Leave the pictures out and write out exactly the lines from the top of the entries through the line containing "咖啡色拼接纯棉长袖POLO衫".

• _Data entries_:
- Opening Delimiter -
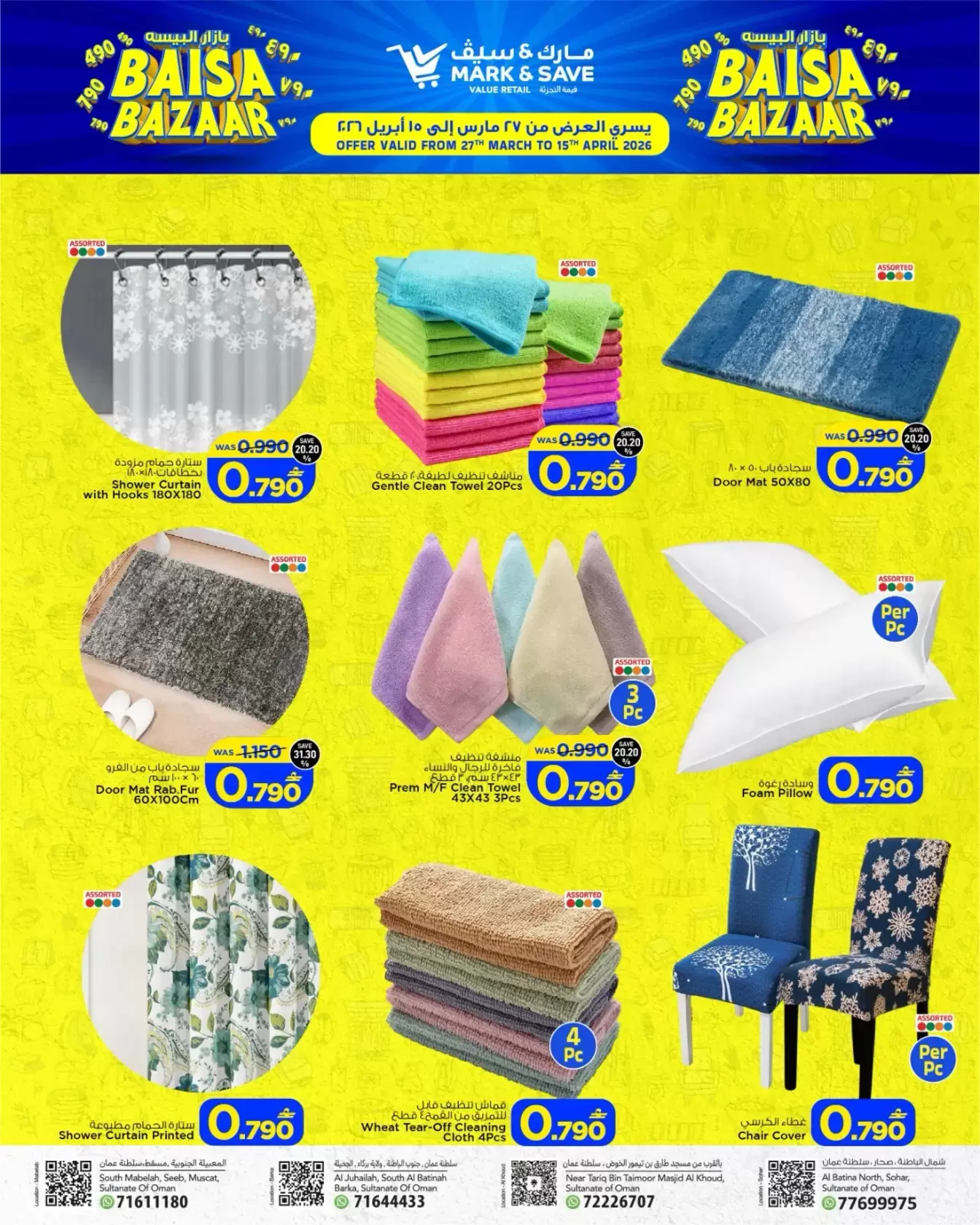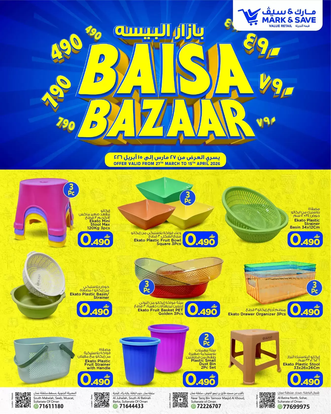 هل تبحث عن أفضل طرق التوفير في سلطنة عمان؟ أطلق متجر مارك آند سيف (Mark & Save) حملته المنتظرة "بازار البيسة" (Baisa Bazaar)، والتي تقدم تشكيلة واسعة من المستلزمات المنزلية، الألعاب، والأدوات القرطاسية بأسعار استثنائية تبدأ من 0 .490 و0.790 ريال عماني فقط.
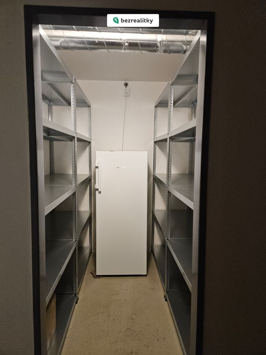 Ve sklepě/komoře se nachází nové regály na míru, které maximalizují úložný prostor a díky individuálně zavedené elektřině je možné využít prostor např. i k uchování mražených potravin.
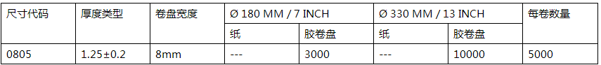 (1)尺寸:0805 (2012)。
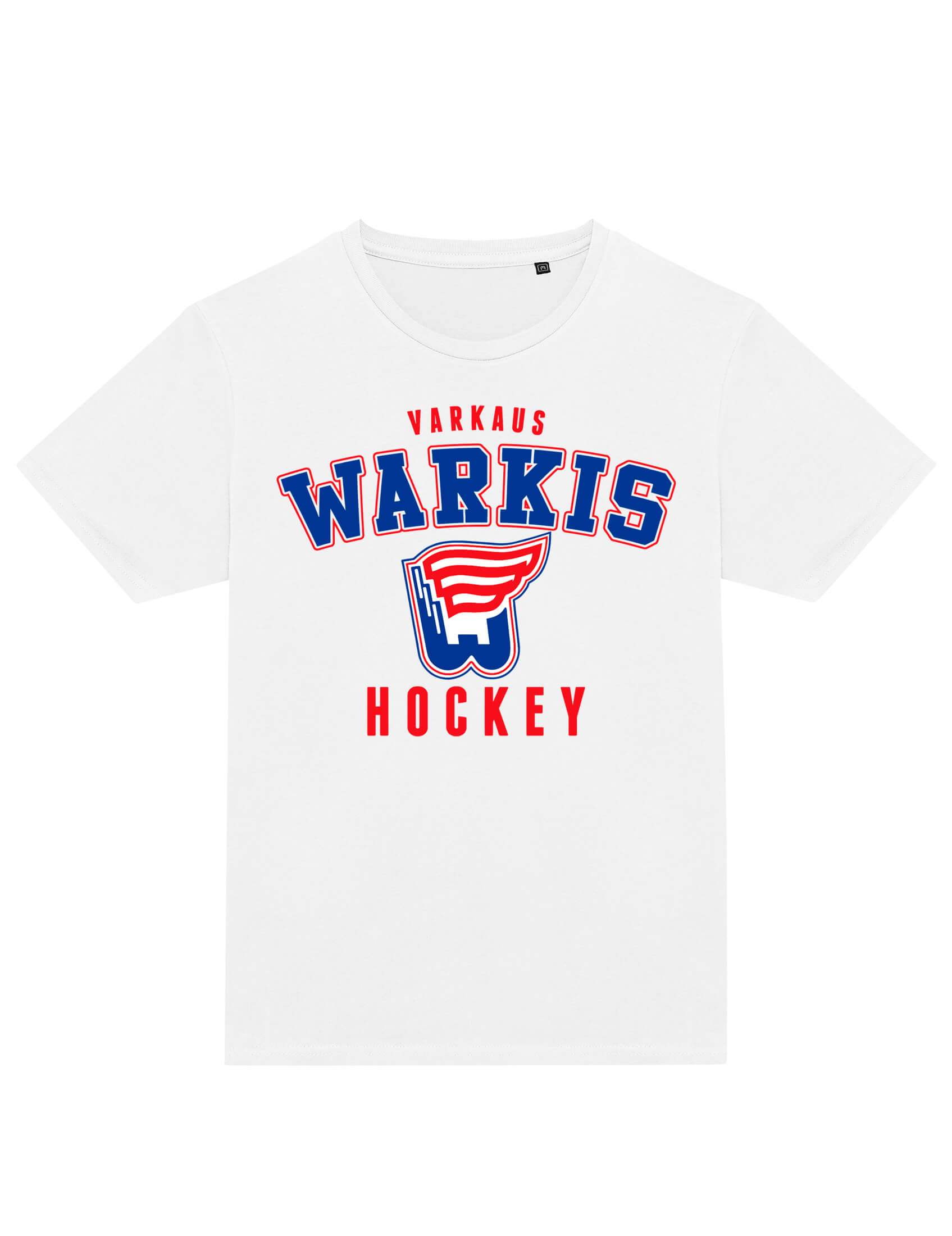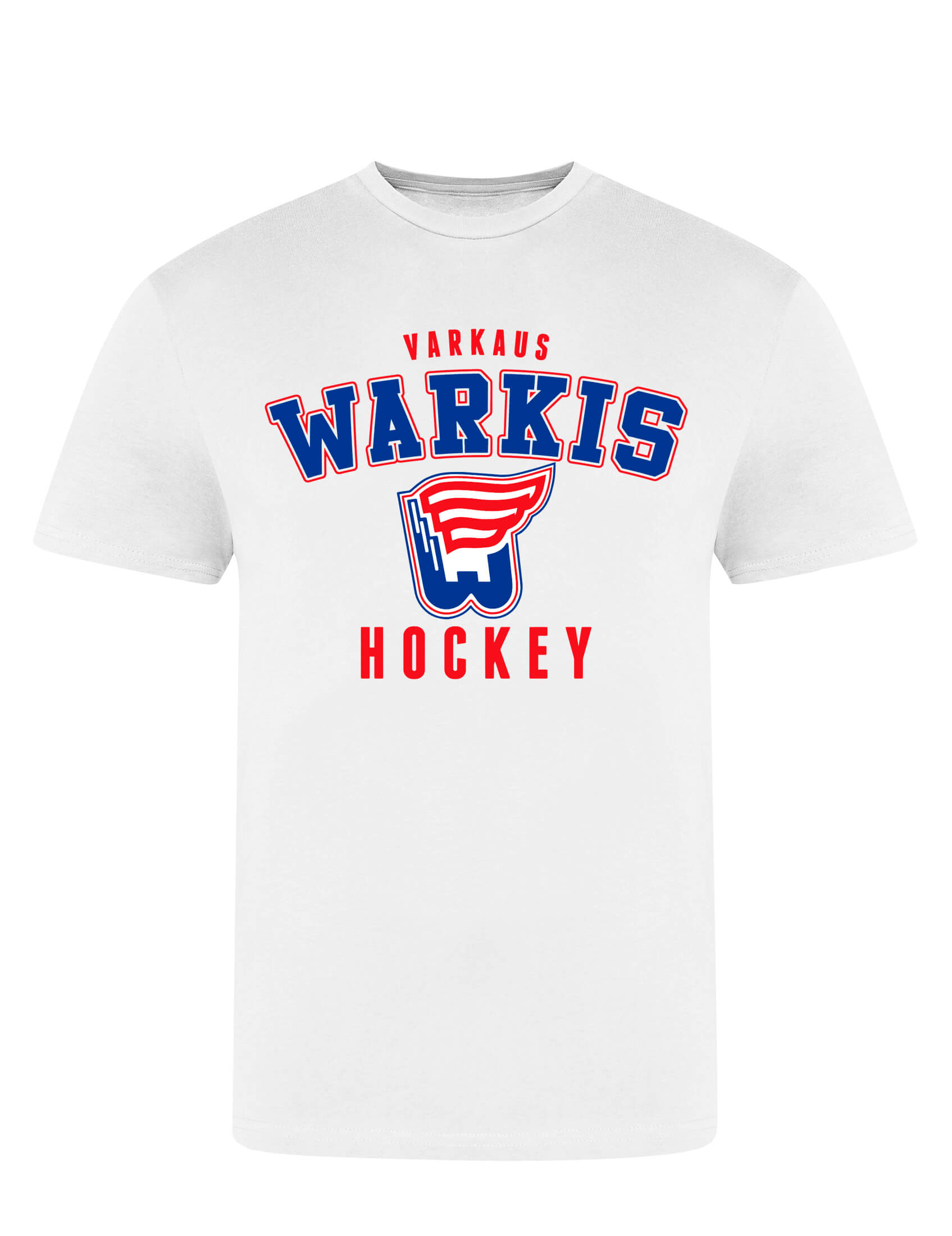Laadukas ja eettisesti valmistettu valkoinen t-paita, edessä ”Warkis Hockey” -painatus.
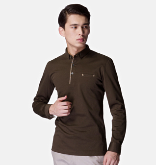 咖啡色拼接纯棉长袖POLO衫
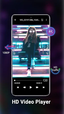 HD video player is the easiest phone video player, has a powerful video decoding capabilities to easily support you play almost all video files stored on your phone.
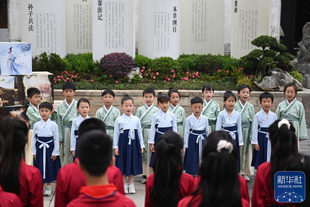 5月31日,在浙江省湖州市吴兴区八里店镇潞村“典籍里的中国”陈列馆门口,参加“诵读国学经典 传承华夏气韵”主题活动的小学生集体诵读国学篇目。新华社记者 黄宗治 摄
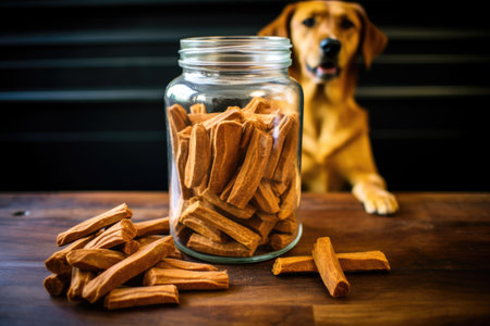 glass jar filled with homemade dog treats, created with generative ai
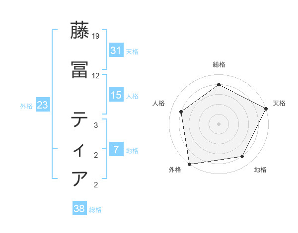藤冨 ティアさんの外格は23画の5点!
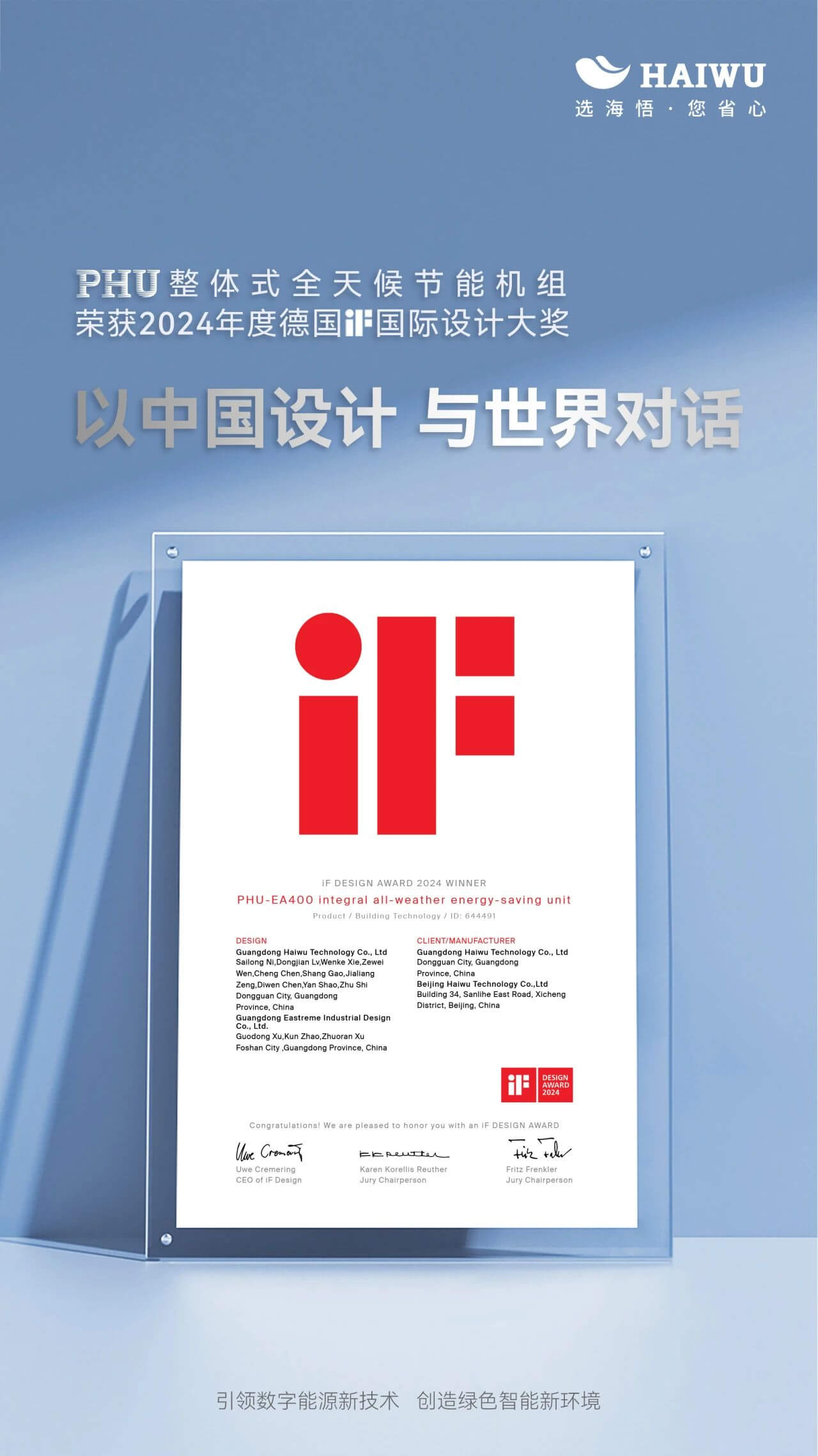 海悟PHU整體式全天候節(jié)能機(jī)組榮獲此項(xiàng)國際設(shè)計(jì)大獎(jiǎng),代表其獨(dú)特的設(shè)計(jì)、卓越的創(chuàng)新和強(qiáng)大的產(chǎn)品實(shí)力贏得了國際權(quán)威機(jī)構(gòu)的高度認(rèn)可。
- Closing Delimiter -
• _Solution for this problem_:
 هل تبحث عن أفضل طرق التوفير في سلطنة عمان؟ أطلق متجر مارك آند سيف (Mark & Save) حملته المنتظرة "بازار البيسة" (Baisa Bazaar)، والتي تقدم تشكيلة واسعة من المستلزمات المنزلية، الألعاب، والأدوات القرطاسية بأسعار استثنائية تبدأ من 0 .490 و0.790 ريال عماني فقط.
 Ve sklepě/komoře se nachází nové regály na míru, které maximalizují úložný prostor a díky individuálně zavedené elektřině je možné využít prostor např. i k uchování mražených potravin.
 (1)尺寸:0805 (2012)。
Laadukas ja eettisesti valmistettu valkoinen t-paita, edessä ”Warkis Hockey” -painatus.
 咖啡色拼接纯棉长袖POLO衫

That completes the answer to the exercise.